13:00–13:20 (online) .


Title: Oldest evidence of tuberculosis in the Mediterranean islands: From the mainland to Cyprus

Authors: Françoise Le Mort1, Oussama Baker1,2, Bérénice Chamel1, Hélène Coqueugniot2,3, Olivier Dutour2,3

Affiliations: 1Univ Lyon, Archéorient (UMR 5133 CNRS/Université Lyon 2), Maison de l’Orient et de la Méditerranée – Jean Pouilloux, 7 rue Raulin – 69365 Lyon cedex 07 – France; 2École Pratique des Hautes Études, PSL Université Paris– 4-14 rue Ferrus, 75014 Paris – France; 3Université de Bordeaux, CNRS, UMR 5199 – PACEA, Allée Geoffroy St Hilaire, CS 50023, 33615 Pessac Cedex – France

Abstract: Recent studies combining macroscopical observations and μ-CT analysis have made it possible to reach the diagnosis of tuberculosis for a child from the site of Khirokitia (Cyprus, 7th–early 6th millennium cal. BC), whose age at death is between 5 and 7 years. Many single primary burials were discovered at the site where the dead (MNI=243) are buried in the same way, whatever their age is. Nevertheless, the burial of this child presents a unique feature on the site (a male Ovis trophy marking the limit of the burial pit), probably indicating a specific attention for this young deceased.

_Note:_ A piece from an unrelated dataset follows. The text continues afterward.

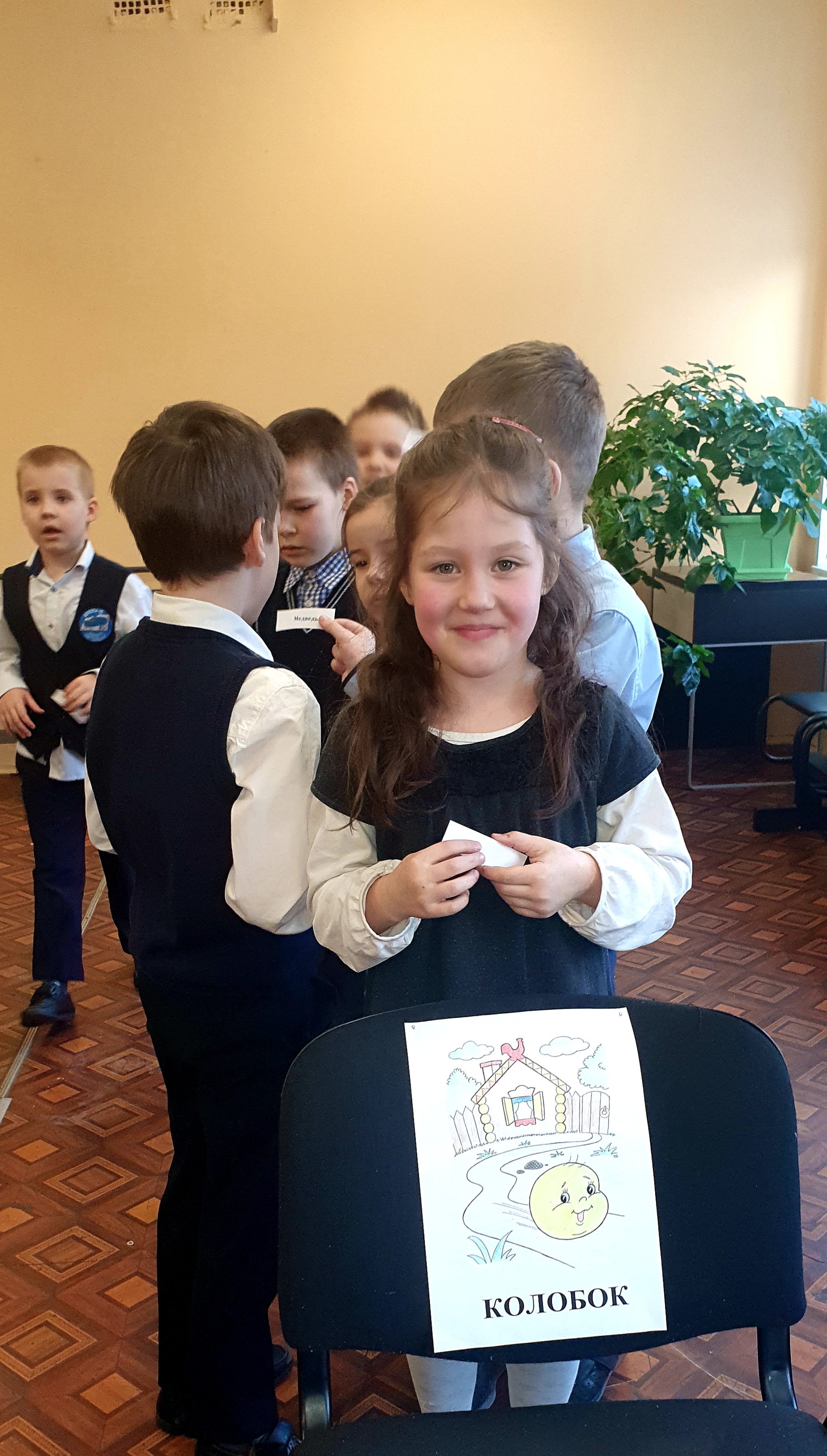 Затем карточки с именами героев были розданы детям. Надо было определить сказку, героем которой был каждый участник игры, и объединиться в группы. После чего найти табличку с названием сказки и построиться в том порядке, как появляются герои в этой сказке.

This case, the oldest known in the Mediterranean islands, is particularly interesting from a paleoepidemiological point of view. Indeed, considering, on the one hand, the settlement pattern of the island of Cyprus by migrants from the Near East, and on the other hand, the presence of human tuberculosis in the Near East as early as about 10,500 years BP, it is very likely that the migrants brought the disease with them.